9.42. Transforming Citrus Peel Waste: Innovative Green Extraction and Multi-Functional Applications of Pectin and Essential Oils
Sepidar Seyyedi-Mansour 1, Maria Carpena 2, Pauline Donn 3, Antia G. Pereira 4,5, Franklin Chamorro 4 and Miguel A. Prieto 4
- 1
Nutrition and Bromatology Group, Department of Analytical and Food Chemistry, Faculty of Food Science and Technology, University of Vigo
- 2
Nutrition and Bromatology Group, Department of Analytical and Food Chemistry, Faculty of Food Science and Technology, University of Vigo, Ourense Campus, E32004 Ourense, Spain
- 3
Nutrition and Bromatology Group, Department of Analytical and Food Chemistry, Faculty of Food Science and Technology, University of Vigo, Ourense Campus, E32004 Ourense, Spain
- 4
Nutrition and Bromatology Group, Department of Analytical and Food Chemistry, Faculty of Food Science and Technology, University of Vigo, Ourense Campus, E32004 Ourense, Spain
- 5
Centro de Investigação de Montanha (CIMO), Instituto Politécnico de Bragança, Campus de Santa Apolonia, 5300-253 Bragança, Portugal
The present study focuses on the green extraction methods and the evaluation of the biological properties of pectin and essential oils derived from citrus peel waste, aiming to both add value to these byproducts and manage waste effectively.
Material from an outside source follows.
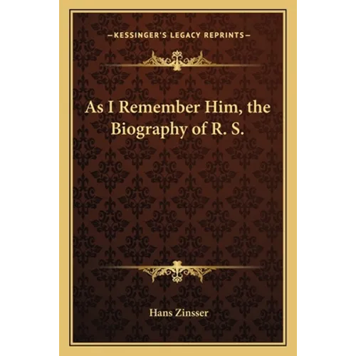 As I Remember Him is a biography written by Hans Zinsser about R.S., whose full name is not revealed in the book. The biography is a personal account of Zinsser's relationship with R.S., whom he met when he was a medical student at Columbia University. R.S. was a brilliant and eccentric man who had a profound impact on Zinsser's life and career.The book is divided into three parts. The first part describes Zinsser's early encounters with R.S. and their growing friendship. The second part focuses on R.S.'s life and achievements, including his work as a scientist and his contributions to the field of microbiology. The third and final part of the book deals with R.S.'s decline in health and eventual death, and the impact this had on Zinsser.Throughout the book, Zinsser paints a vivid portrait of R.S. as a complex and enigmatic figure. He describes R.S.'s idiosyncrasies, his intellectual brilliance, and his sometimes difficult personality. Zinsser also provides insights into R.S.'s scientific work, explaining the significance of his discoveries and the impact they had on the field of microbiology.As I Remember Him is a deeply personal and moving account of a remarkable individual, written by someone who knew him intimately. It offers a unique perspective on the life and work of a man whose contributions to science and medicine are still felt today.This scarce antiquarian book is a facsimile reprint of the old original and may contain some imperfections such as library marks and notations. Because we believe this work is culturally important, we have made it available as part of our commitment for protecting, preserving, and promoting the world's literature in affordable, high quality, modern editions, that are true to their original work.

Citrus peels are abundant in bioactive compounds, rendering them an innovative resource for transforming waste into value-added products. Pectin, a non-starch polysaccharide, and essential oils, consisting of volatile aromatic compounds, present opportunities for diverse industrial applications, depending on the extraction methods and raw material sources. This research integrates recent advancements in sustainable extraction technologies with a comprehensive review of peer-reviewed literature to compare the physicochemical properties and biological activities of pectin and essential oils from diverse citrus species. Key aspects investigated include the efficiency of different green extraction methods, the impact of raw material variation on product quality, and the potential for novel applications in functional foods, natural preservatives, and therapeutic agents. The systematic review highlights how the synergy between the physicochemical attributes and biological activities of citrus peel derivatives can drive their applications in functional foods, natural preservatives, therapeutic agents, and other industrial applications. By integrating recent advancements in sustainable extraction technologies, the importance of leveraging waste-derived compounds to achieve both economic and environmental goals, thus supporting the development of environmentally sustainable practices within the citrus industry.